[Start of Attachment]

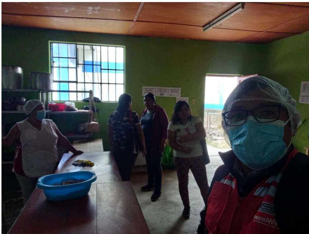
Anexo N° 06: Foto de capacitación presencial a los padres de familia y cae en la institución educativa Ricardo Flores Guitierrez

"Decenio de la Igualdad de Oportunidades para Mujeres y Hombres" "Año de la unidad, la paz y el desarrollo"
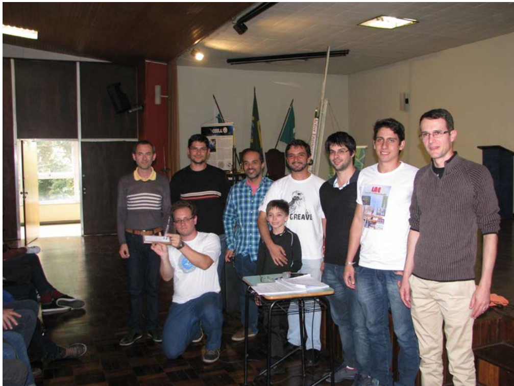
Membros da equipe Gralha Azul com o troféu de campeão da categoria 500 metros.
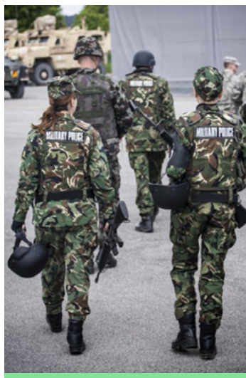
Смесен екип от Служба „Военна полиция“
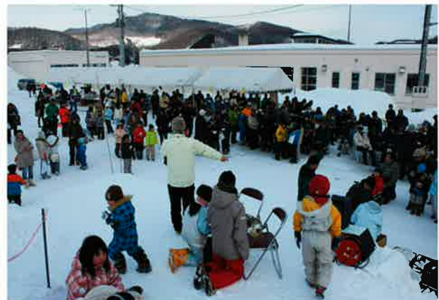
たくさんのご来場ありがとうございました
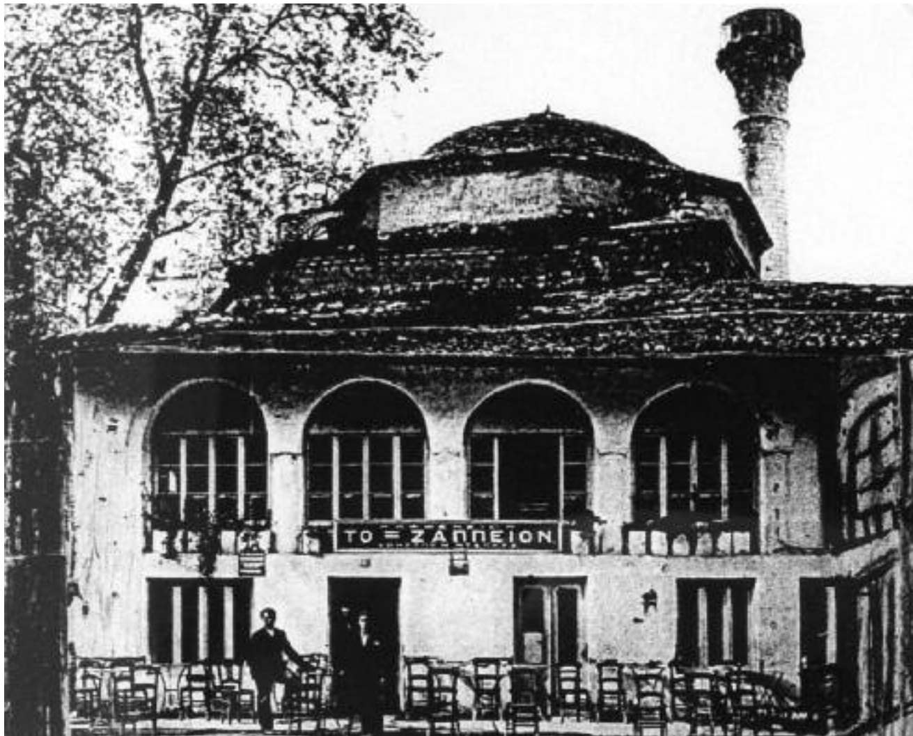
«Το μικρό Ζάππειον» από το 1913 μέχρι το 1934 και μετά «Το Τζαμί» στο τζαμί Καλούτσιανης. Στη φωτογραφία το 1937 στην πόρτα ο Χάρης Καλαντζής ιδιοκτήτης με τον αδελφό του Βασίλη Καλαντζή. Ανοικτό μέχρι το 1970.
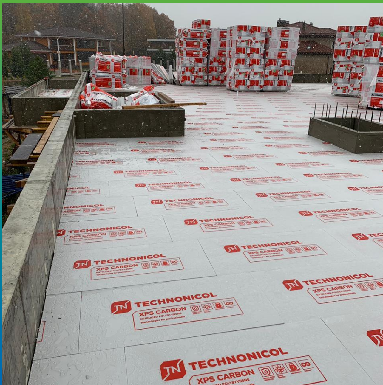
Подготовка к укладке ЭПДМ мембраны Суперсил 2.1
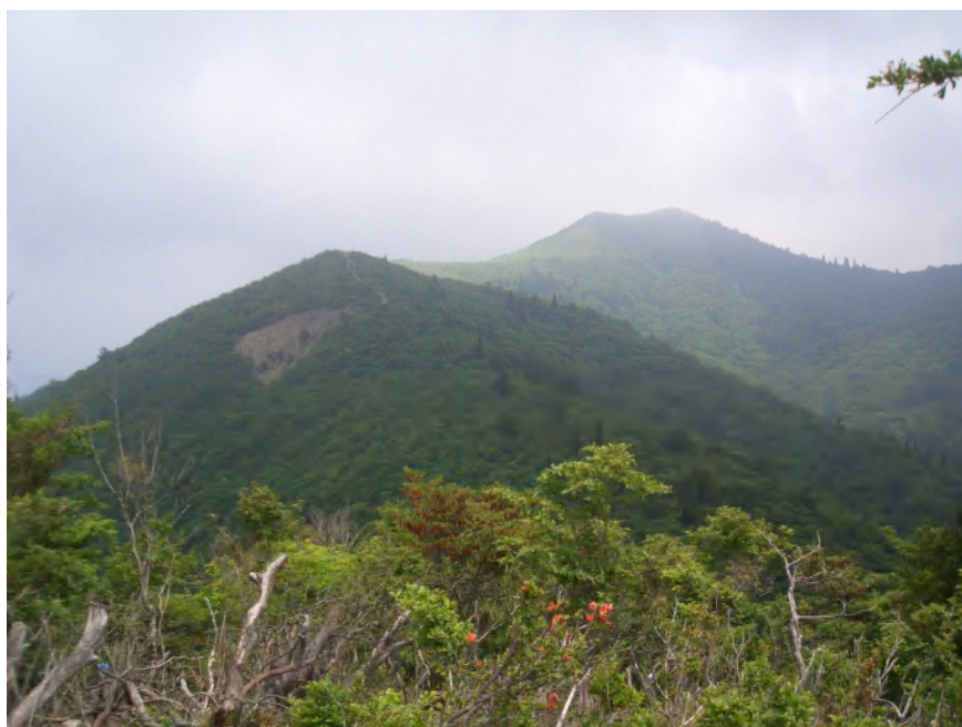
御殿山からの武奈ヶ岳
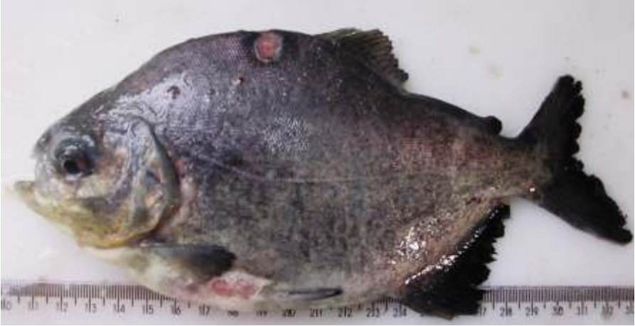
Figura 6. Pacu com início de columnariose. Pequenas lesões de coloração acinzentadas próximo às nadadeiras dorsal e peitoral e também corrosão das nadadeiras.
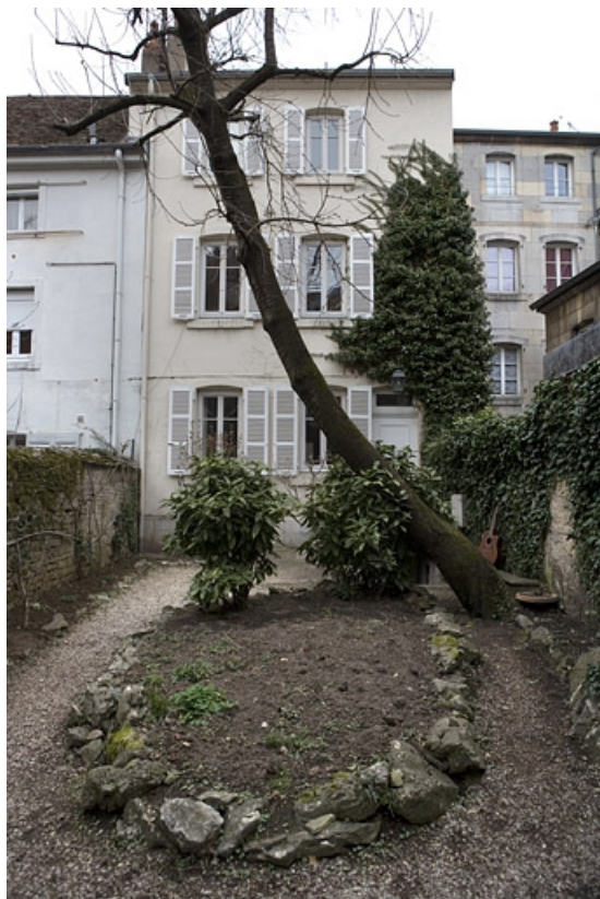
Vue d'ensemble du logis secondaire situé en fond de parcelle.

25, Besançon Grande Rue 109, lieudit : îlot Forum
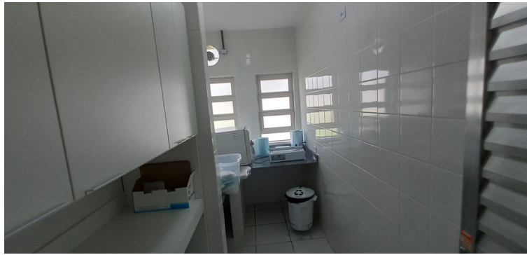
Foto 3 - Autoclave da unidade aguardando reparo.
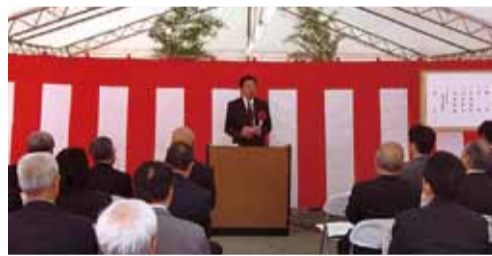
高遠発電所起工式

県企業局が新たに建設する、奥裾花第2発電所(10月30日)と高遠発電所(11月11日)の起工式に、県議会の代表として出席しました。新しいエネルギーの地産地消の拠点としての運用が期待されます。
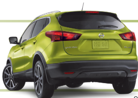
Qashqai SL Platine illustrée*

de rabais au financement à un taux standard

[End of Attachment]

» **Task item**: The expected output is an exact copy of the lines from the one with "県企業局が新たに建設する、奥" to the final line of the entries above, pictures excepted; please include both ends.

» **Result for this task**:
県企業局が新たに建設する、奥裾花第2発電所(10月30日)と高遠発電所(11月11日)の起工式に、県議会の代表として出席しました。新しいエネルギーの地産地消の拠点としての運用が期待されます。
Qashqai SL Platine illustrée*

de rabais au financement à un taux standard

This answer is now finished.